Just as the GOP had become hostage to a base that had been radicalized over the years—thanks to the divisive and demagogic politicking of Newt Gingrich, Sarah Palin, the Tea Party, and then Trump—Fox now was dependent upon a rabid and Trumpified audience for ratings and, thus, revenue. Its host and personalities feared the wrath of Fox viewers who had been conditioned by years of Fox’s Manichaean and skewed coverage to yearn for even bloodier red meat and who now demanded the network champion the Big Lie. They were enraged that Fox on election night called Arizona for Biden and then days later declared Biden the ultimate victor. And that ire, the Fox team worried, could lead these viewers to switch off Fox and head toward Newsmax.
The filing is filled with texts and emails between Fox executives and hosts emphasizing they had to kowtow to their incensed viewers. Carlson told Scott directly, “I’ve never seen a reaction like this, to any media company. Kills me to watch it.” In an exchange with Lachlan Murdoch, Scott stated that in order to maintain the “trust” of viewers, the network had to let them know “we hear them and respect them.” Which meant play to the Trump-fueled, unfounded belief that the election was crooked. In another message to another Fox exec, she termed calling Arizona for Biden a failure “to protect the brand.” In a different message, Scott noted, “The audience feels like we crapped on [them] and we have damaged their trust and belief in us…We can fix this but we cannot smirk at our viewers any longer.” Put simply, Fox could not tell the audience the truth. Their viewers could not handle it.
Carlson realized this. After Fox declared Biden the winner, he texted his producer: “Do the executives understand how much credibility and trust we’ve lost with our audience? We’re playing with fire, for real…an alternative like Newsmax could be devastating to us.”
Hannity viewed the situation the way a politician—not a journalist—would. He told fellow host Steve Doocy that the network was facing a “major backlash” from the audience, adding, “You don’t piss off the base.” He texted Carlson and Ingraham, “The network is being rejected.” Carlson responded, “I’ve heard from angry viewers every hour of the day all weekend, including at dinner tonight,” to which Hannity replied, “Same same same. Never before has this ever happened.”
Carlson, Hannity, Ingraham, and the rest of the Fox crew had trained their viewers to believe the worst of the Democrats and accept the flood of lies from Trump and his comrades on the right. Now they couldn’t flip the switch. And they worried about their livelihoods: If they told their viewers the truth—there was no significant election fraud; the conspiracy theorists were hurling hogwash—their audience would turn to Newsmax and the network would suffer financially. So, as Dominion’s lawyers claim in this brief, Fox hosts and execs spoonfed their viewers more lies and falsehoods, knowing this was all one big con.

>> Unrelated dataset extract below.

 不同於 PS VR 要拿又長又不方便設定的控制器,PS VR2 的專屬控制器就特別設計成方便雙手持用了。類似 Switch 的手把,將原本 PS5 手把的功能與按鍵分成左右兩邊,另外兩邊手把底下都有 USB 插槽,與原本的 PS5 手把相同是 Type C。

This cynical hustle was in sync with Trump’s brazen attempt to torpedo the US Constitution and prevent the peaceful transfer of power. Days after the election, Steve Bannon, the former Trump adviser, sent a message to Bartiromo: “71 million voters will never accept Biden. This process is to destroy his presidency before it even starts; IF it even starts…We either close on Trump’s victory or del[e]gitimize Biden….THE PLAN.” Bannon was not passing information to a journalist looking to report on what the Trump crowd was plotting. This was a note shared with a partner who Bannon expected to join the Trump scheme to sabotage democracy. Given the evidence cited in this filing, Bannon was right to expect this.
To some, it is no big shock to discover that Fox is driven to inflame not inform its audience. But if there were ever any debate over that, this document settles the matter. For financial profit, Fox has for years radicalized its viewers and reaffirmed their most profound apprehensions and most malevolent biases. In the aftermath of the 2020 election, Fox had to pander to what they had created or risk losing audience share. It chose the latter, opting for demagoguery over democracy to make a buck.

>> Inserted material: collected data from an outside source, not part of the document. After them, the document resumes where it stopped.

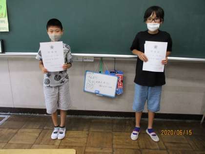 わかくさでは、一人一人が目標をもってがんばっています。高学年の2人は月曜日に前期学級委員に任命されました。多くの場面でリーダーとして活躍しています。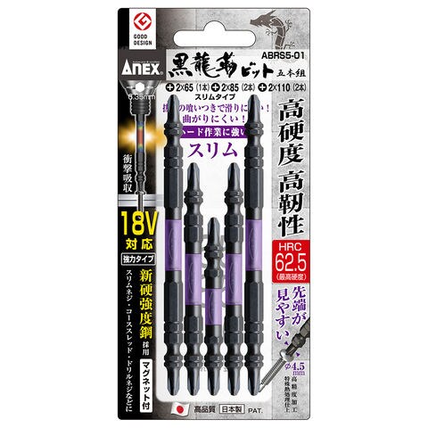 アネックス(ANEX) 黒龍靭ビット スリムタイプ/強力タイプ(両頭プラスビット3種/5本組み) 兼古製作所 アネックスツール ABRS5-01 【返品種別B】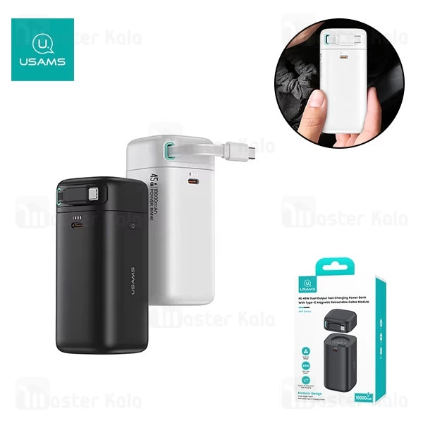 پاوربانک 18000 یوسمز USAMS CD216 توان 45 وات همراه با کابل متصل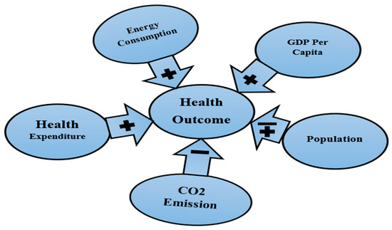 7]. Consequently, health outcomes, economic growth, and energy consumption are organically related. Better health outcomes not only induce population expansion; they also boost the working abilities of the labor force, thus accelerating economic growth. Again, population expansion will require more energy to sustain the population’s growth pace. In contrast to economic development, industry flourishes, resulting in many environmental pollutants such as CO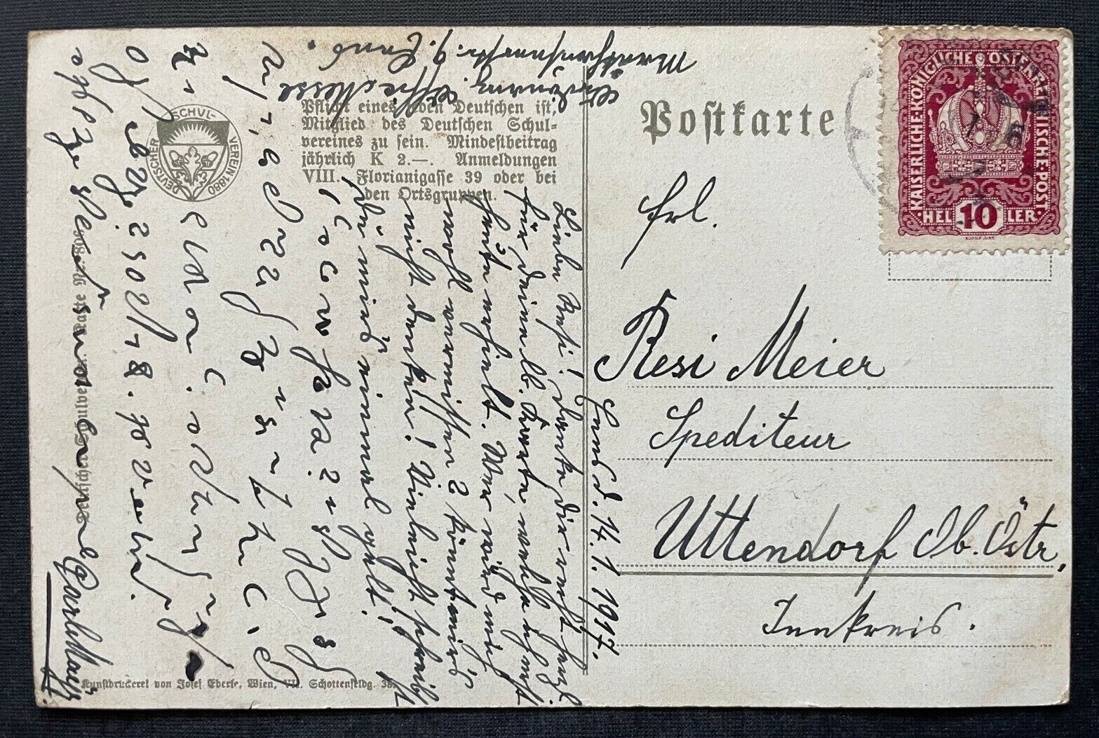Deutscher Schulverein Treue Spruch Handschlag Mann Tracht Stock Glas 400331 TH A

With these revelations, Fox ought to be permanently branded a fraud. Yet that won’t happen on the right. It remains too useful for Republicans and still has a hold on the party’s far-right and extremist base (which itself has a hold on Fox). On Monday, Axios reported that House Speaker Kevin McCarthy has given Carlson exclusive access to 41,000 hours of Capitol surveillance footage from the January 6 riot. McCarthy, who once promised more accountability in Congress, is handing this booty only to a broadcaster who promoted the idea that the January 6 assault was a false flag operation mounted by the Deep State and who has been revealed in this filing as a scheming phony who knowingly promotes lies for profit.

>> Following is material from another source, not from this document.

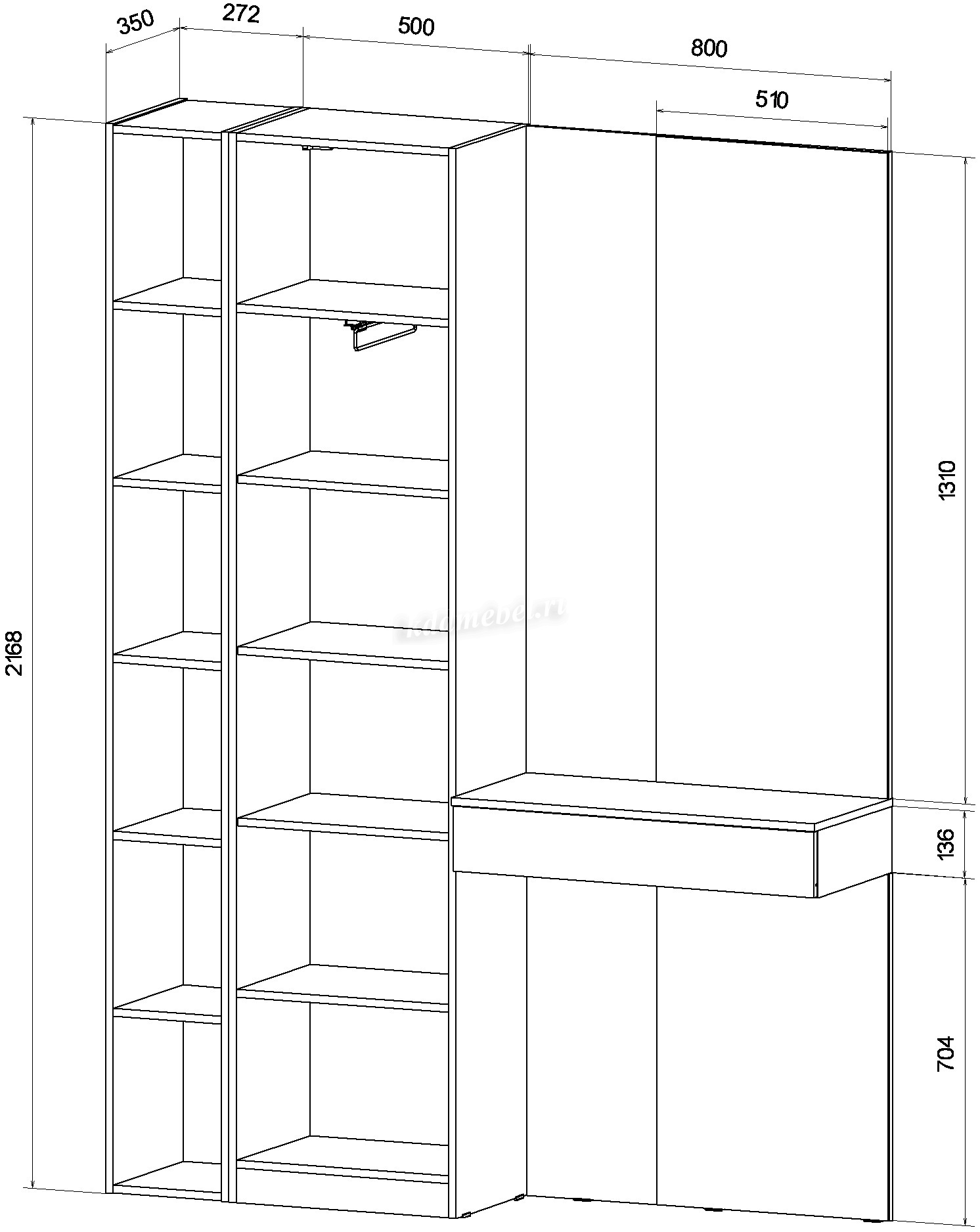 Описание Прихожая Ева (Дуб вотан/Кашемир)

In its brief, Dominion accurately declares: “Broadcasters make choices about what to air. While that platform comes with tremendous power, it also carries an obligation to tell the truth. Fox…decided to use its megaphone to spread falsehoods. It deceived millions of people.” Its coverage of the 2020 election was no anomaly. This episode illuminates the fundamental nature of Fox. Defamation lawsuits are often threats to reporters and journalism overall. But in the Dominion case against Fox, Murdoch’s company is being exposed for what it is: a disinformation-for-profit noise machine controlled by a vile billionaire and operated by a pack of jackals who distort and pervert the national discourse. Whatever happens with this case, that’s a win for the truth.
It’s Time to Crush Fox News
https://www.motherjones.com/kevin-drum/2021/01/its-time-to-crush-fox-news/
Max Boot says that it’s all very well to fight the social media sites which promoted the lie that Joe Biden stole the 2020 election, but if you really want to make a difference you need to go straight to the source: Fox News.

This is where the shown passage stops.